Can do this in a number of ways, here are two of them. The first is to use a substitution:
#color(red)("Method 1")#
#int_1^e (ln(x))/(2x) dx = 1/2 int_1^e (ln(x))/(x) dx#
Let #u = ln(x) implies du = (dx)/x#
Transforming the limits:
#u = ln(x) implies u: 0 rarr 1#
Integral becomes:
#1/2int_0^1 u du =1/2 [1/2u^2]_0^1 = 1/2*1/2 = 1/4#
This is the simpler way, but you might not always be able to make a substitution.
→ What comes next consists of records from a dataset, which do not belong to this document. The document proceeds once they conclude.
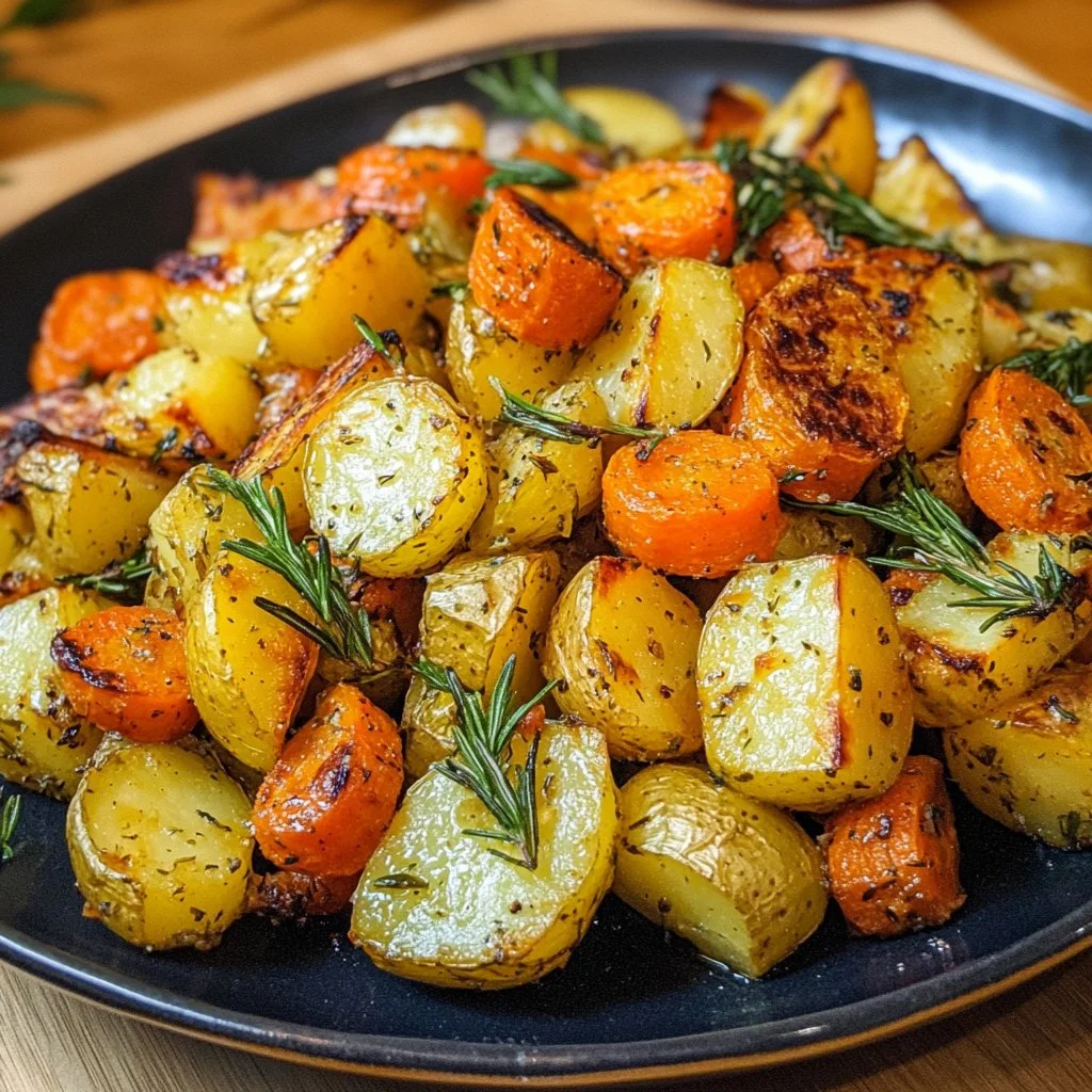 A delightful medley of baby potatoes, carrots, and zucchini roasted with garlic and fresh herbs, perfect as a side or light main course.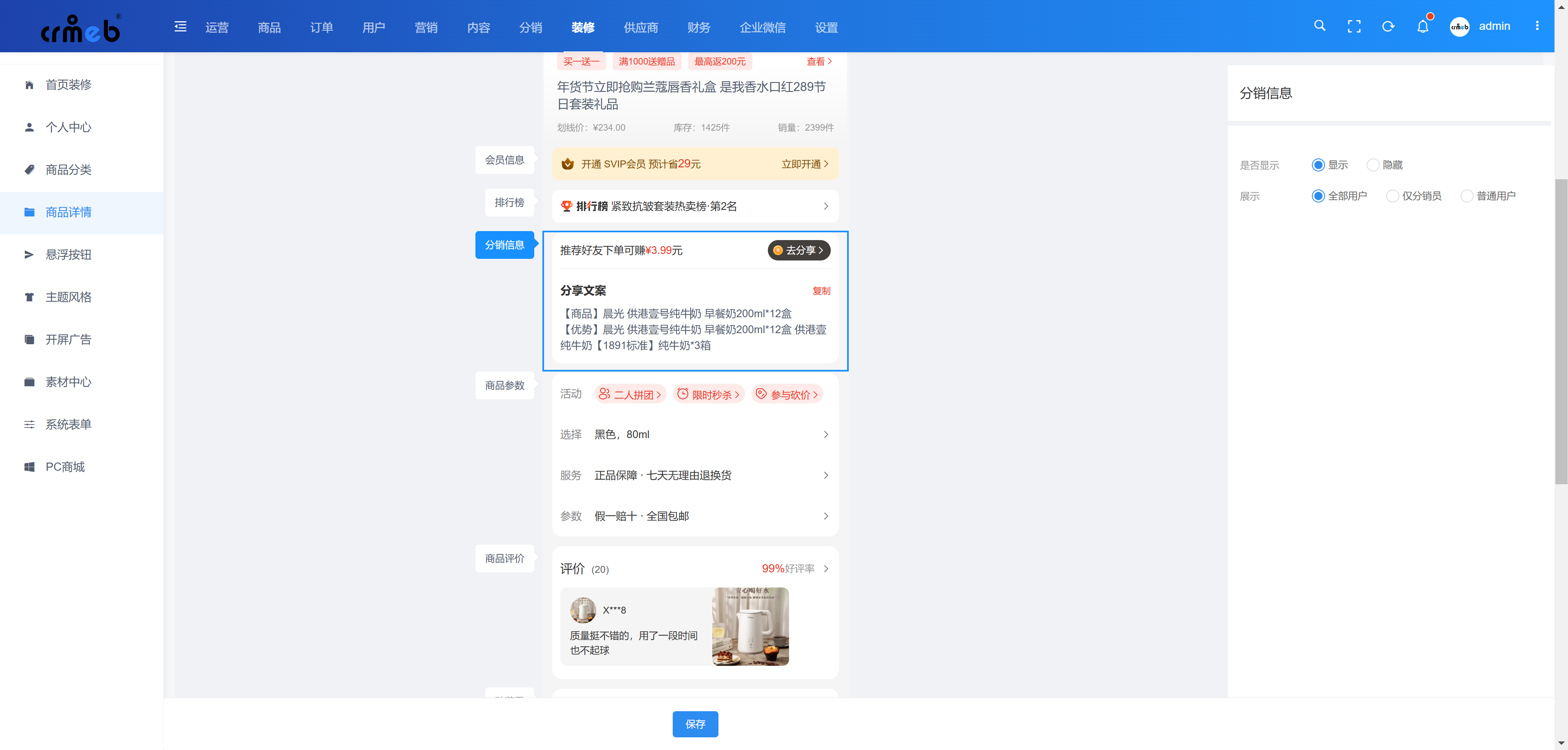 支持控制分销模块的显示与隐藏。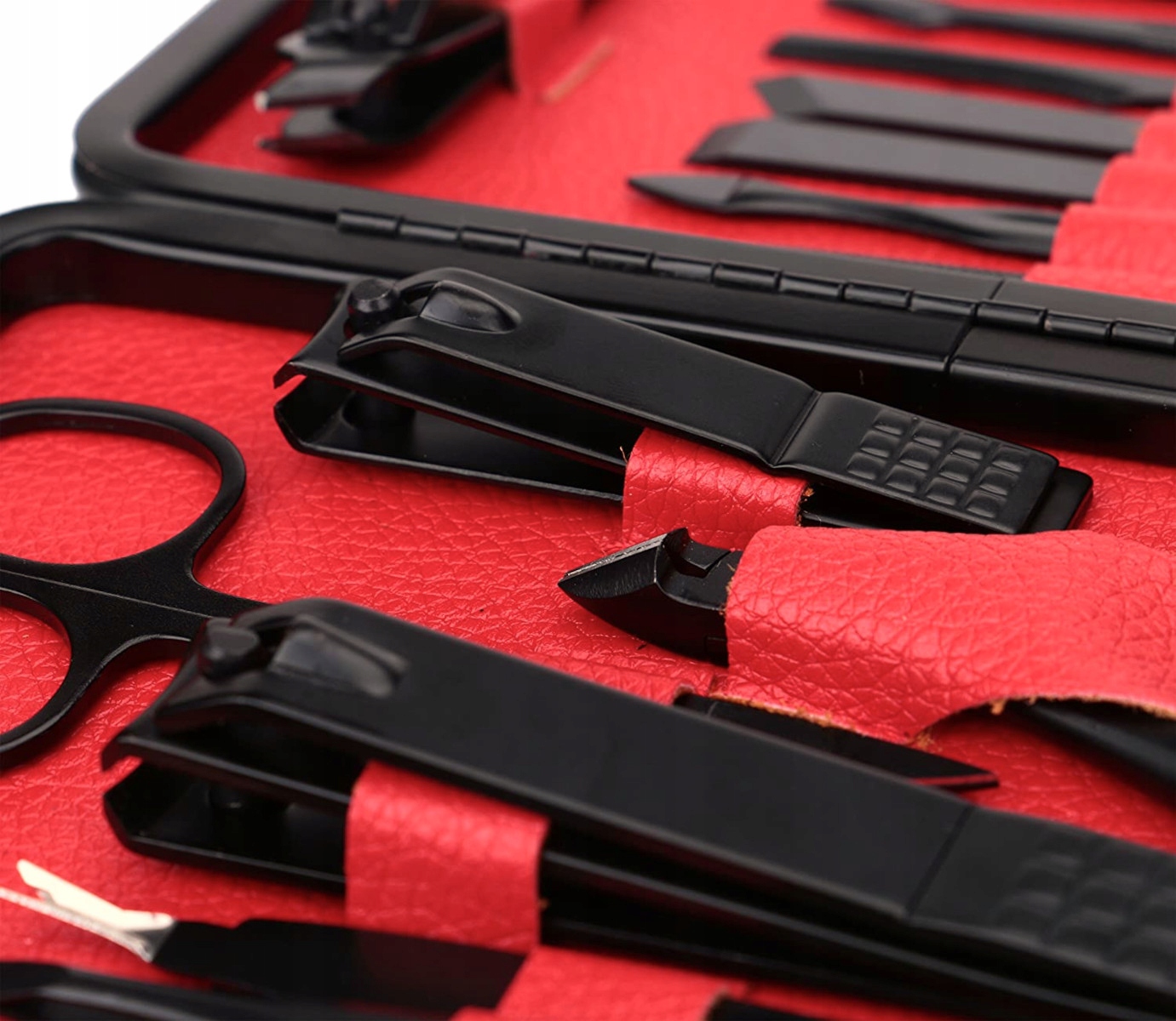Весь маникюрный набор состоит из 16 элементов, элегантное и прочное исполнение каждого инструмента вместе с футляром обеспечивает длительное время использования.

An alternative is integration by parts.
#color(red)("Method 2")#
Use integration by parts:
For functions #u(x), v(x)#:
#int uv' dx = uv - int u'v dx#
#u(x) = ln(x) implies u'(x) = 1/x#
#v'(x) = 1/(2x) implies v(x) = 1/2ln(x)#
#int (ln(x))/(2x) dx=1/2ln(x)ln(x) - int (ln(x))/(2x) dx#
Grouping like terms:
#2 int (ln(x))/(2x) dx = 1/2ln(x)ln(x) + C#
#therefore int (ln(x))/(2x) dx = 1/4ln(x)ln(x) + C#
We are working with a definite integral though, so applying limits and removing the constant:
#int_(1)^(e) (ln(x))/(2x) dx = [1/4ln(x)ln(x)]_1^e #
#= 1/4ln(e)ln(e) - 1/4ln(1)ln(1)#
#ln(e) = 1, ln(1) = 0#
#implies int_(1)^(e) (ln(x))/(2x) dx = 1/4#